[76] Biot, loc. cit. p. 297 sq.
[77] Chinese Repository, xviii. 362.
It has been suggested that in ancient Egypt the aboriginal inhabitants of the country were made slaves by the conquering race. “Si nous consultons les monuments,” says M. Amélineau, “nous remarquons dans les peintures qui ornent les parois des tombeaux de Saqqarah une certaine race d’hommes sur laquelle Mariette avait déjà appelé l’attention…. Je crois que ce sont là des esclaves, vieux restes des populations primitives soumises par les conquérants nouvellement arrivés dans la vallée du Nil, descendants des premières tribus humaines qui s’étaient installées en Égypt.”[78] During the eighteenth and nineteenth dynasties, which form the chief period of Egypt’s foreign conquests, mention is frequently made of the employment of prisoners of war as slaves. Every Pharao of these dynasties recounts how he filled the god Amon’s storehouses with male and female slaves from his spoil. These slaves are occasionally represented in tombs; thus in the tomb of Rekhmere some slaves who are making bricks and building a wall are designated as “the spoil which his Majesty brought for the construction of the temple of Amon.”[79] M. Amélineau believes that slavery was in Egypt milder than in Greece and Rome.[80] According to the Book of the Dead, the pity of the god extends to slaves; not only does he command that no one should ill-treat them himself, but he forbids that their masters should be led to ill-treat them.[81]

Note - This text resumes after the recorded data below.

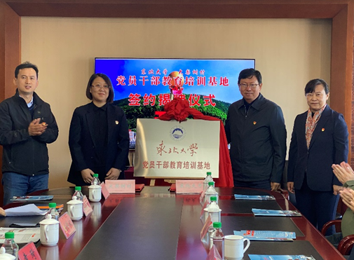 孙雷、袁琦、周莉、毛正新共同为东北大学党员干部教育培训基地揭牌。
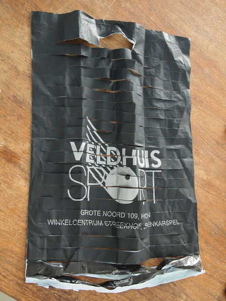Ahora despliegue la bolsa y corte suelto y el mango-bit así como el poco fondo de la basura. Ahora tenemos que hacer los cortes en una tira larga. Por un lado de la bolsa, siguen la raja todo el camino, entonces la bolsa se verá así:
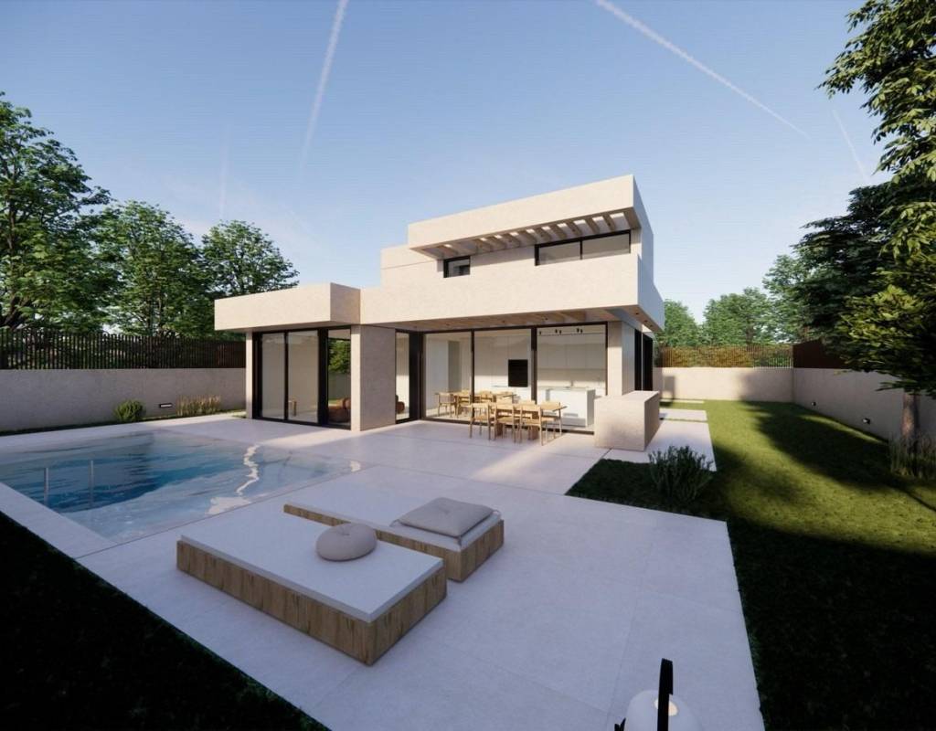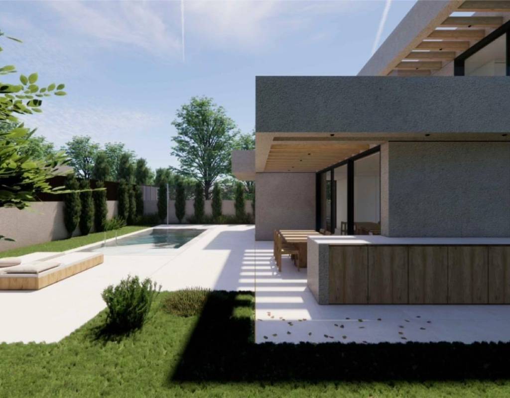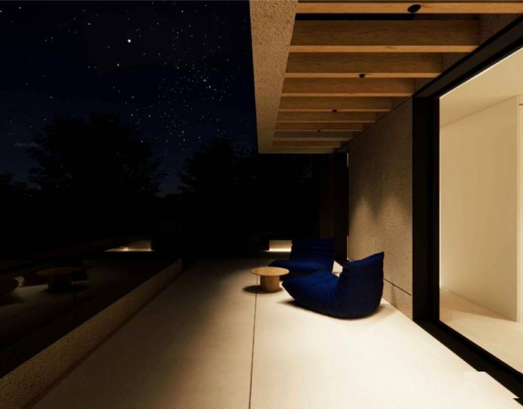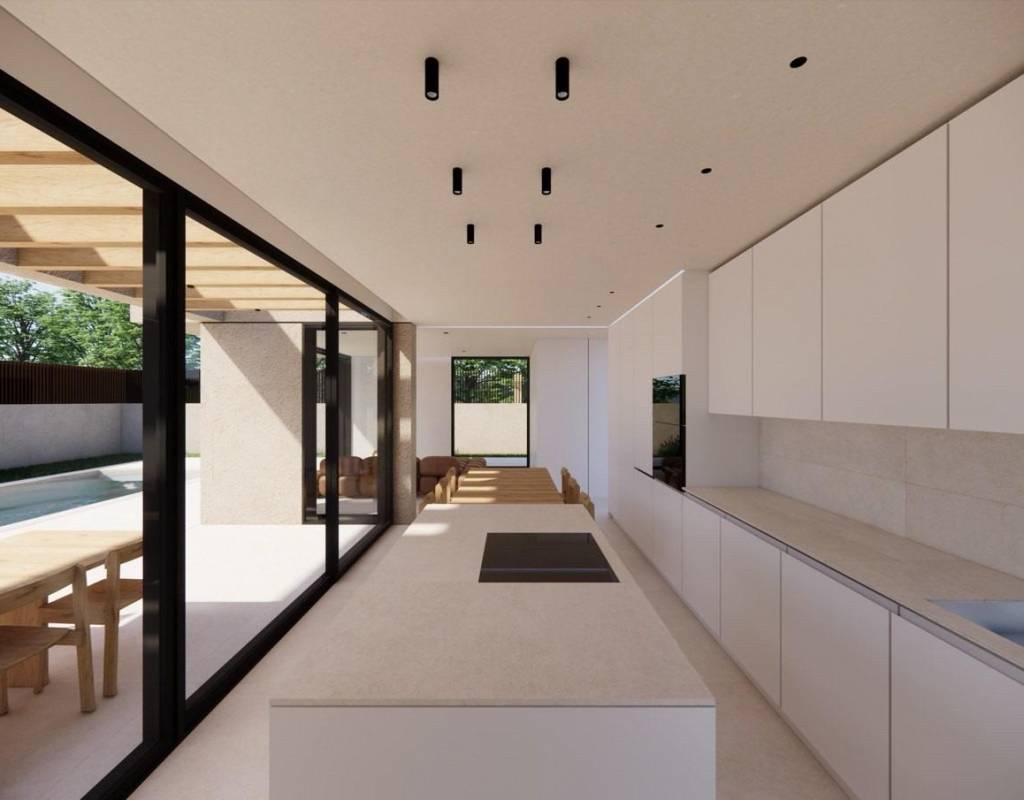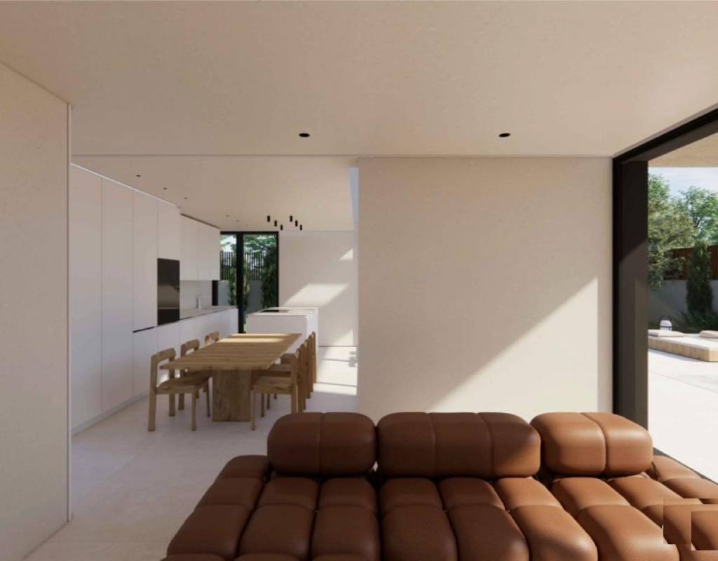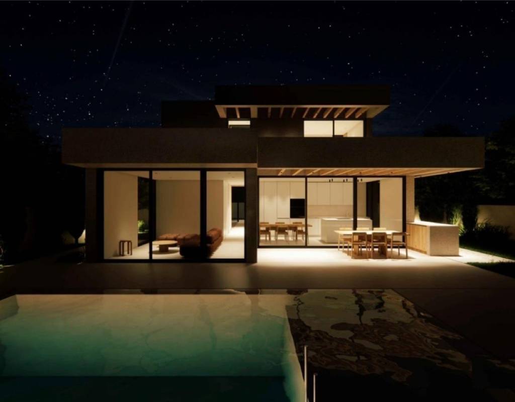 La planta principal le da la bienvenida con un vestíbulo de entrada con armario empotrado y aseo para invitados. Este nivel incluye un dormitorio en suite con puertas ventanas elevables de suelo a techo que dan a una terraza lateral privada. La luminosa sala de estar y comedor de planta abierta conecta directamente con una terraza cubierta con pérgola y la piscina privada de agua salada, creando un armonioso estilo de vida interior y exterior.

[78] Amélineau, Essai sur l’évolution des idées morales dans l’Égypt Ancienne, p. 78.
[79] For these statements I am indebted to my friend Dr. Alan Gardiner.
[80] Amélineau, op. cit. p. 349.
[81] Book of the Dead, ch. 125. Cf. Maspero, Dawn of Civilization, p. 191.
In ancient Chaldæa, beneath the free Semite and Sumerian population, there was a class of slaves largely consisting of captives from foreign races and their descendants, but continually reinforced by individuals of the native race such as foundlings, women sold by their husbands, children sold by their fathers, and probably debtors whom their creditors had deprived of their liberty.[82] Their position was evidently not one of excessive hardship.[83] As a rule, they were permitted to marry and bring up a family; and it seems that masters, when selling their slaves, as much as possible avoided separating parents and children.[84] The master often apprenticed the children of his slaves, and as soon as they knew a trade he set them up in business in his own name, allowing them a share in the profits.[85] A slave could hire himself out for wages, and could himself acquire slaves to work for him.[86] He was even entitled to purchase his freedom.[87] “La loi babylonienne,” says M. Oppert, “lassait aux esclaves sur quelques points plus de prérogatives que le Code français n’en accorde à nos épouses.”[88]
[82] Meissner, Beiträge zur altbabylonischen Privatrecht, p. 6. Oppert, ‘La condition des esclaves à Babylone,’ in Académie des Inscriptions et Belles-Lettres—Comptes rendus des séances de l’année 1888, ser. iv. vol. xvi. 122. Maspero, op. cit. p. 743.
[83] Meissner, op. cit. p. 7. Oppert, loc. cit. p. 121 sqq.